Most of all I'm hating the stupid ass rivalry with the Jantine Patricians who are nothing more than 2 dimensional evil cutout evil-doers. Why are they feuding? It seems only because Gaunt is the good guy and therefore they hate him.

Oh and apparently IG regiments shooting each other is ok with high command. Yawn. No wonder we're losing this galaxy.


I really want to like this series....especially since I already bought the next three novels...but so far I'm not feeling it brothers. I find myself wanting to re read Rebel Winter and caring about the Vostroyan firstborn more than the boys from Tanith.


What do you say? Exterminatus?


----------



## neferhet (Oct 24, 2012)

CJ95 said:


> everyone seems to be saying is the crown jewel of IG stories....the Gaunts Ghosts series


this everyone is a delusional everyone :grin: 
The general level of GW stories is meh.
Gaunt Ghost is good. And that should give you an hint! I think however that the storyes are better in my memory than on the actual pages, i fear...


----------



## LazyG (Sep 15, 2008)

The first two are the weakest, especially the first one. Number two is a composite fo short stories which are ok but not jaw dropping.It gets really good in Necropolis. Builds an epic scope, new characters that make things more colourful and the darkness settles in better.


----------



## Doom wolf (Oct 10, 2014)

neferhet said:


> The general level of GW stories is meh.


WHAT ? :angry:

HERESY !! BURN BURN BURN !!!:threaten:

Just kidding... :laugh:

Dan Abnett is one of the best, but that doesn't make it _that_ good on all his novel. I suspect he accepted to work for GW mainly for the cashflow more than for the love of the hobby or the fluff.

He can be clumsy, tough beyond that, his writing quality his quite good. (He's a professional writer, after all.) but sometimes, he's strangely ripping off other's people work.


----------



## neferhet (Oct 24, 2012)

:laugh:

yes, i like dan abnett in comparison to others writers. Fact is, i struggled to end his novels and i normally leave unfinished all the others BL books. They just can't...it's a good read, when you are 15 or so. But after then, you just enjoy some sparse moment of good writing and the setting, most of all.


----------



## Tawa (Jan 10, 2010)

First & Only isn't all that bad.

Ghostmaker is all the original short stories bound together as "memories" to fill out what is a relatively short main story.

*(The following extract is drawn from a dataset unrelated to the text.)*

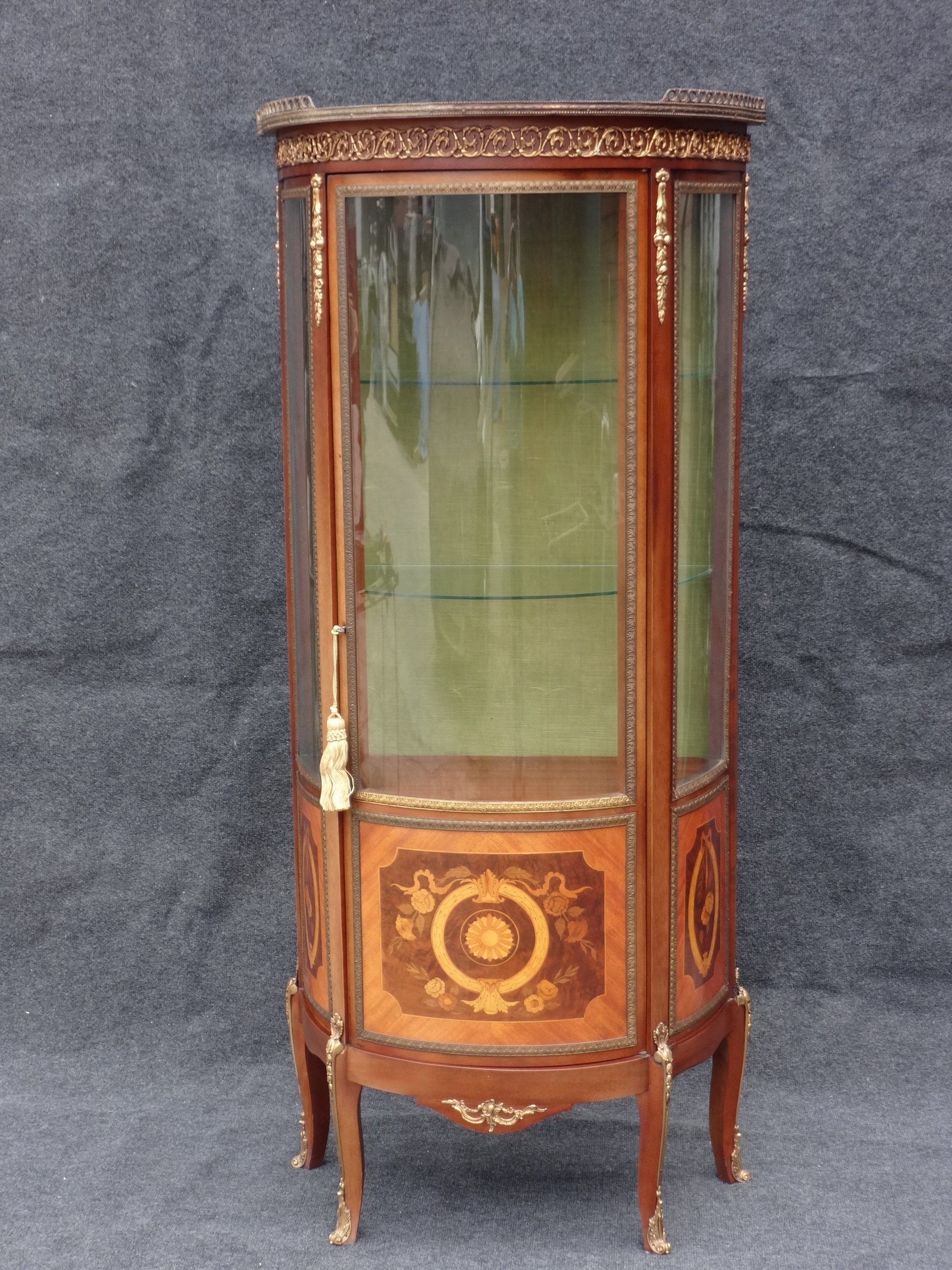 Offered for sale is this fantastic marquetry inlaid vitreen with good ormolu mounts, bowed glass, glass shelving, good marquetry inlays.

Now, Necropolis is where the fun begins! A full on Hive-War? Yes please! :good:


----------



## Doom wolf (Oct 10, 2014)

neferhet said:


> :laugh:
> 
> yes, i like dan abnett in comparison to others writers. Fact is, i struggled to end his novels and i normally leave unfinished all the others BL books. They just can't...it's a good read, when you are 15 or so. But after then, you just enjoy some sparse moment of good writing and the setting, most of all.


Hey ! You want really bad novels ? Just try any random BL books, preferably by Swallows, or maybe Annandale or French on one of his bad days, then _translate_ it, in _french_, by someone who doesn't talk french as his native language in the first place... :crazy:

After that, you will believe there's chaos gods out there ! :russianroulette:

That's THE reason why I started reading Horus Heresy in english... :grin:


----------



## neferhet (Oct 24, 2012)

Doom wolf said:


> Hey ! You want really bad novels ? Just try any random BL books, preferably by Swallows, or maybe Annandale or French on one of his bad days, then translate it, in french, by someone who doesn't talk french as his native language in the first place...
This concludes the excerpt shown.